Proposal: procedure to count number of words in a string
nedtaylor opened this issue · 4 comments
Motivation
I regularly need to count the number of delimiter-separated fields in a string.
When files have an arbitrary number of fields in a line, and you need to read them in to an allocatable array. Reading the line to a buffer and counting the number of fields in a line so that the array can first be allocated is very handy.
This is also particularly useful in the following situation:
line = "Hello there how are you?
where the delimiter is repeated, and you want to just count the number of delimiter-separated fields.
Prior Art
- wordcount (wc) in bash
Additional Information
No response
@arjenmarkus. Quite possibly, depends on how you want to use it. I imagine that one would then use:
call split(line, array)
number = size(array)
However, split works by storing in character arrays (from what I can see), so it uses up unnecessary memory if wanting to read integers or reals, or just get the number of fields on a line.
I think there's still a use for it, but you may be completely right and I'm just overthinking this.

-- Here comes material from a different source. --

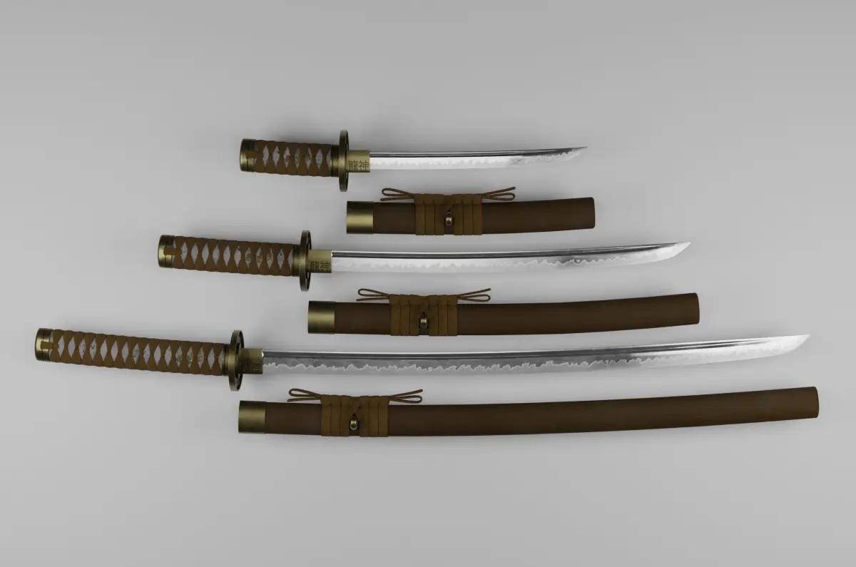 Set of japanese swords: Katana, Wakizashi, Tanto and Stand.

This is a good idea, you could slightly modify the procedure to be a function returning by default the number of elements found in the line. Also, the output array can be an optional argument to avoid the allocation if not needed, for instance: https://godbolt.org/z/bz461x9G6
I support this idea.
Note that stdlib
already includes the functions number_of_columns
and number_of_rows
. These functions are currently private
. But they could be actually public
.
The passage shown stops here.